The entries below are to be repeated exactly, and their pictures left out.
++++++++++++++++++++
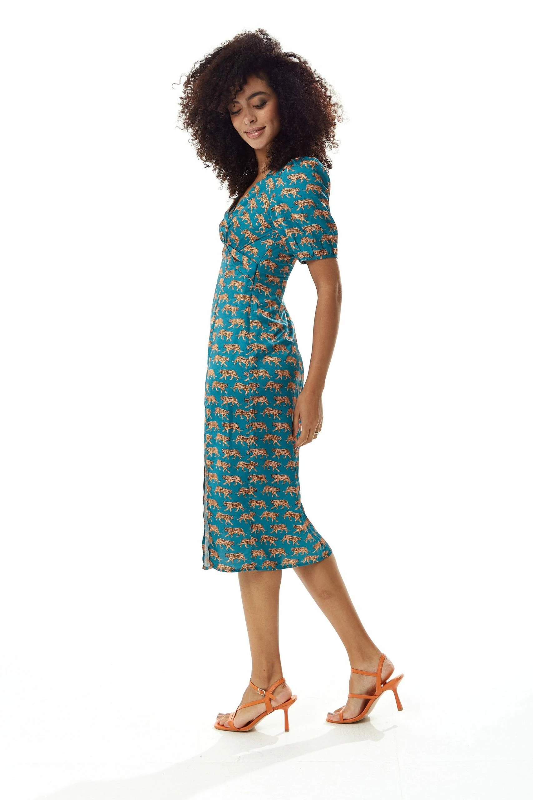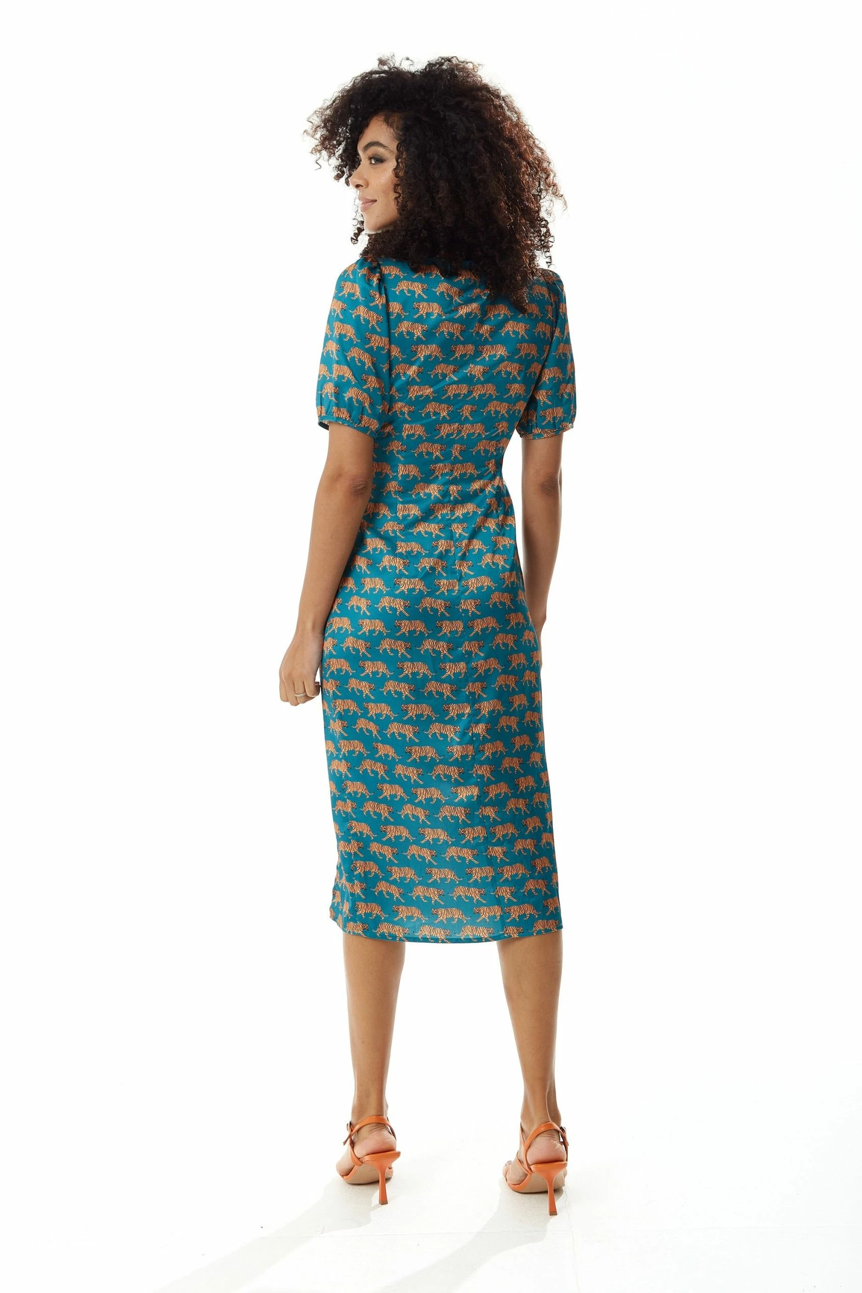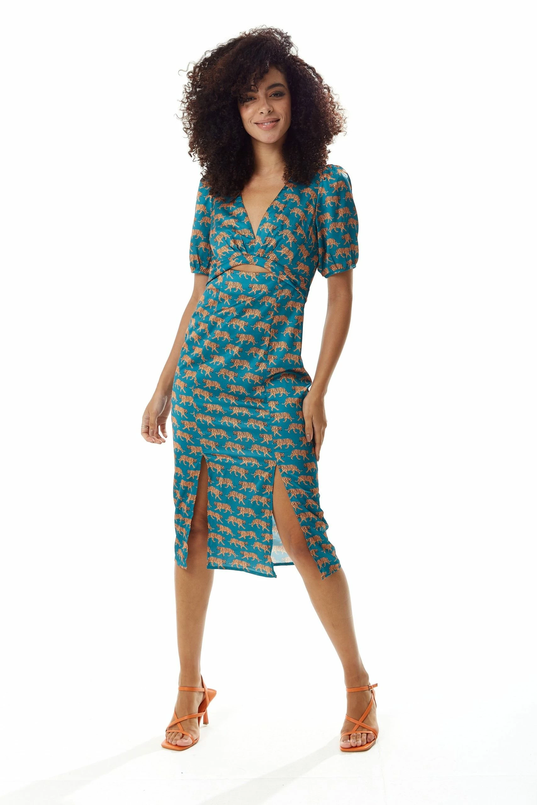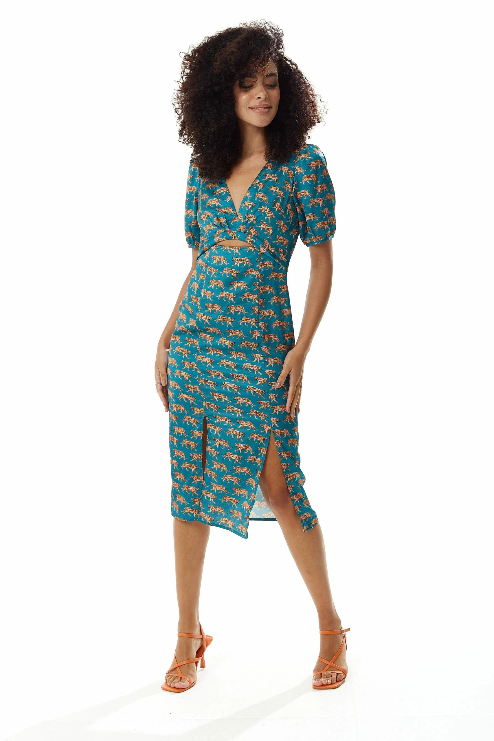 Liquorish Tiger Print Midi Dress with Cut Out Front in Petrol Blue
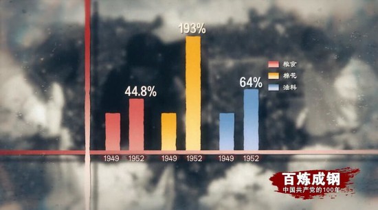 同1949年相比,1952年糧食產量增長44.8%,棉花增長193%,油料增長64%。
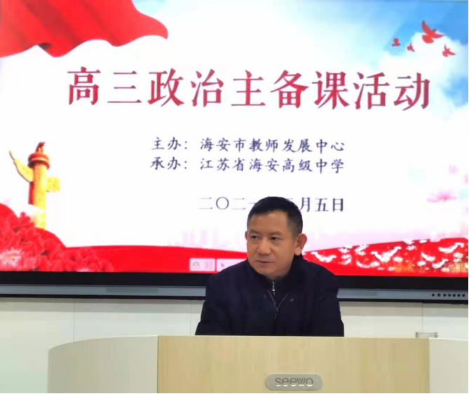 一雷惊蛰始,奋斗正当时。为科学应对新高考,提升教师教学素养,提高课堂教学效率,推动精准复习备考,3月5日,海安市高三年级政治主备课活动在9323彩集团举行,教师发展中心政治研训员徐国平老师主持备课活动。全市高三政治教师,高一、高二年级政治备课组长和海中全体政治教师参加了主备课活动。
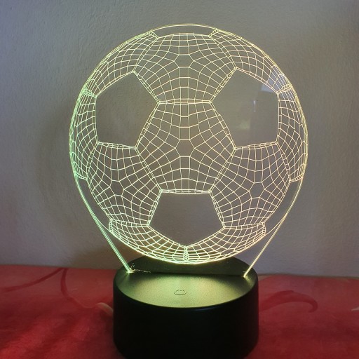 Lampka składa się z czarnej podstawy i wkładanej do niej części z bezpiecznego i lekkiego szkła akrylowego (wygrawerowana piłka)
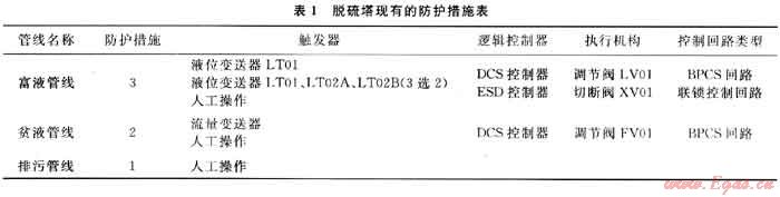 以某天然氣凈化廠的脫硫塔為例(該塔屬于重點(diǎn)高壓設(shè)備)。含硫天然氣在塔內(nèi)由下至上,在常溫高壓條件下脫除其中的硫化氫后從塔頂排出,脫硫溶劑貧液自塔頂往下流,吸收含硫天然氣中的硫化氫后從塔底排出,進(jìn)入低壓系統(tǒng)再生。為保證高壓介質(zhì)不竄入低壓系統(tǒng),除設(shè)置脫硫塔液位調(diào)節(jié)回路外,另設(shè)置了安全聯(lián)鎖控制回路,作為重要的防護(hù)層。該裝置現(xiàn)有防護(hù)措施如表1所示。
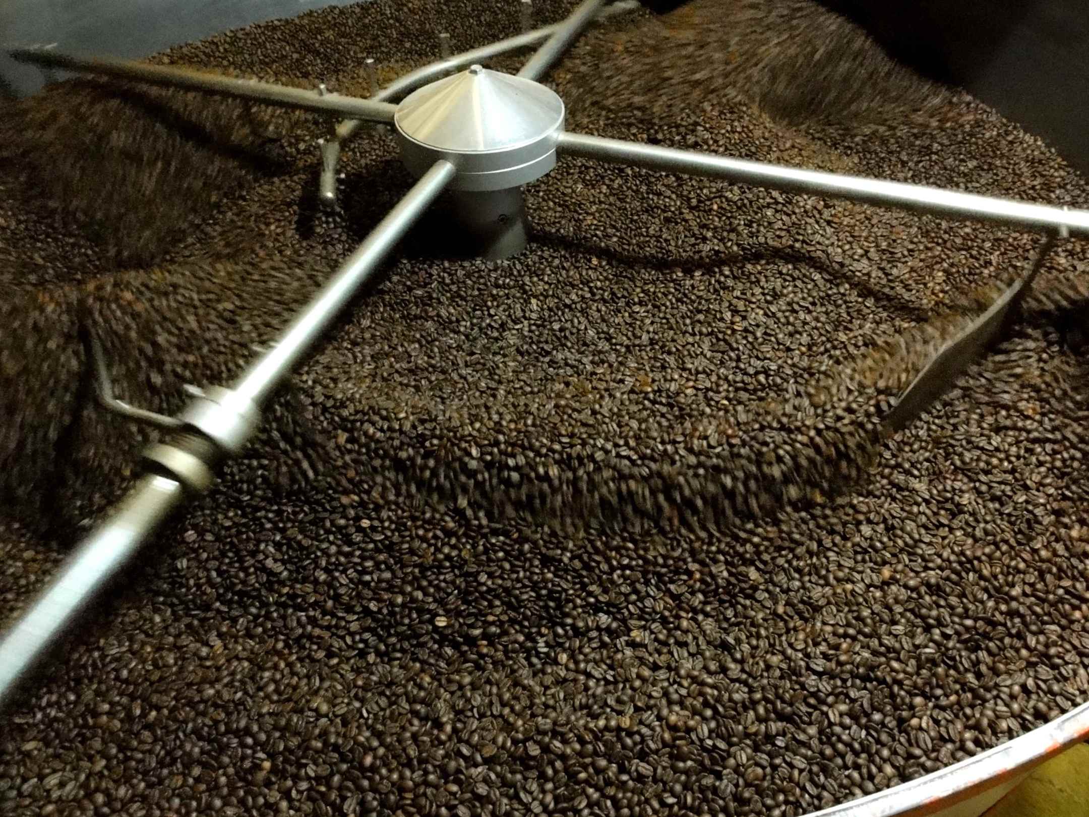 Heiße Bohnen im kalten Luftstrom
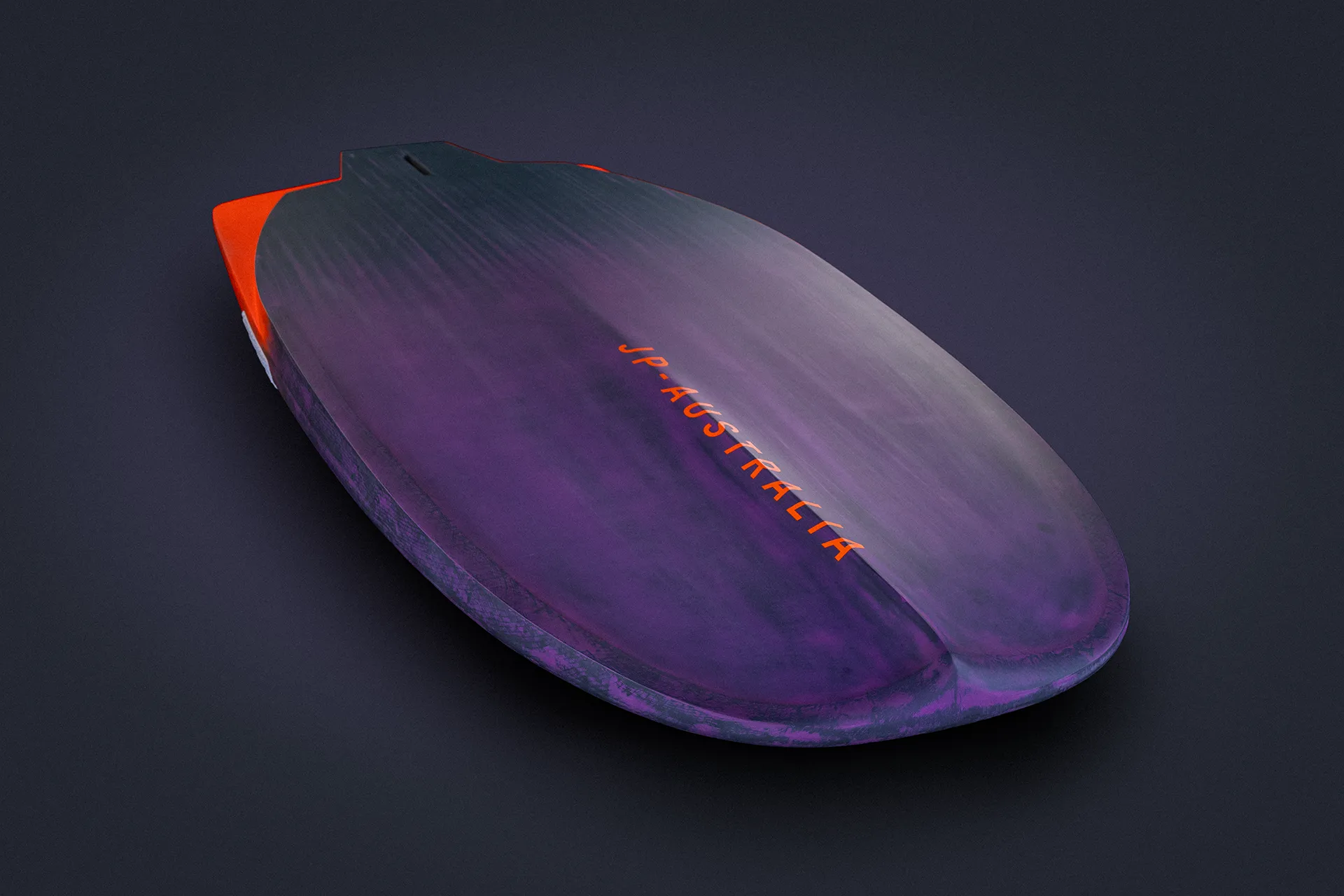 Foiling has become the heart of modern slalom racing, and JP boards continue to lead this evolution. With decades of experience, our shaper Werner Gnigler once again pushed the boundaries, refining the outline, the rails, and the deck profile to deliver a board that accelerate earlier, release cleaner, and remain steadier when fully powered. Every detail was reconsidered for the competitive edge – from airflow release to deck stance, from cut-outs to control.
++++++++++++++++++++
# SOLUTION TO THIS TASK:
 Liquorish Tiger Print Midi Dress with Cut Out Front in Petrol Blue
 同1949年相比,1952年糧食產量增長44.8%,棉花增長193%,油料增長64%。
 一雷惊蛰始,奋斗正当时。为科学应对新高考,提升教师教学素养,提高课堂教学效率,推动精准复习备考,3月5日,海安市高三年级政治主备课活动在9323彩集团举行,教师发展中心政治研训员徐国平老师主持备课活动。全市高三政治教师,高一、高二年级政治备课组长和海中全体政治教师参加了主备课活动。
 Lampka składa się z czarnej podstawy i wkładanej do niej części z bezpiecznego i lekkiego szkła akrylowego (wygrawerowana piłka)
 以某天然氣凈化廠的脫硫塔為例(該塔屬于重點(diǎn)高壓設(shè)備)。含硫天然氣在塔內(nèi)由下至上,在常溫高壓條件下脫除其中的硫化氫后從塔頂排出,脫硫溶劑貧液自塔頂往下流,吸收含硫天然氣中的硫化氫后從塔底排出,進(jìn)入低壓系統(tǒng)再生。為保證高壓介質(zhì)不竄入低壓系統(tǒng),除設(shè)置脫硫塔液位調(diào)節(jié)回路外,另設(shè)置了安全聯(lián)鎖控制回路,作為重要的防護(hù)層。該裝置現(xiàn)有防護(hù)措施如表1所示。
 Heiße Bohnen im kalten Luftstrom
 Foiling has become the heart of modern slalom racing, and JP boards continue to lead this evolution. With decades of experience, our shaper Werner Gnigler once again pushed the boundaries, refining the outline, the rails, and the deck profile to deliver a board that accelerate earlier, release cleaner, and remain steadier when fully powered. Every detail was reconsidered for the competitive edge – from airflow release to deck stance, from cut-outs to control.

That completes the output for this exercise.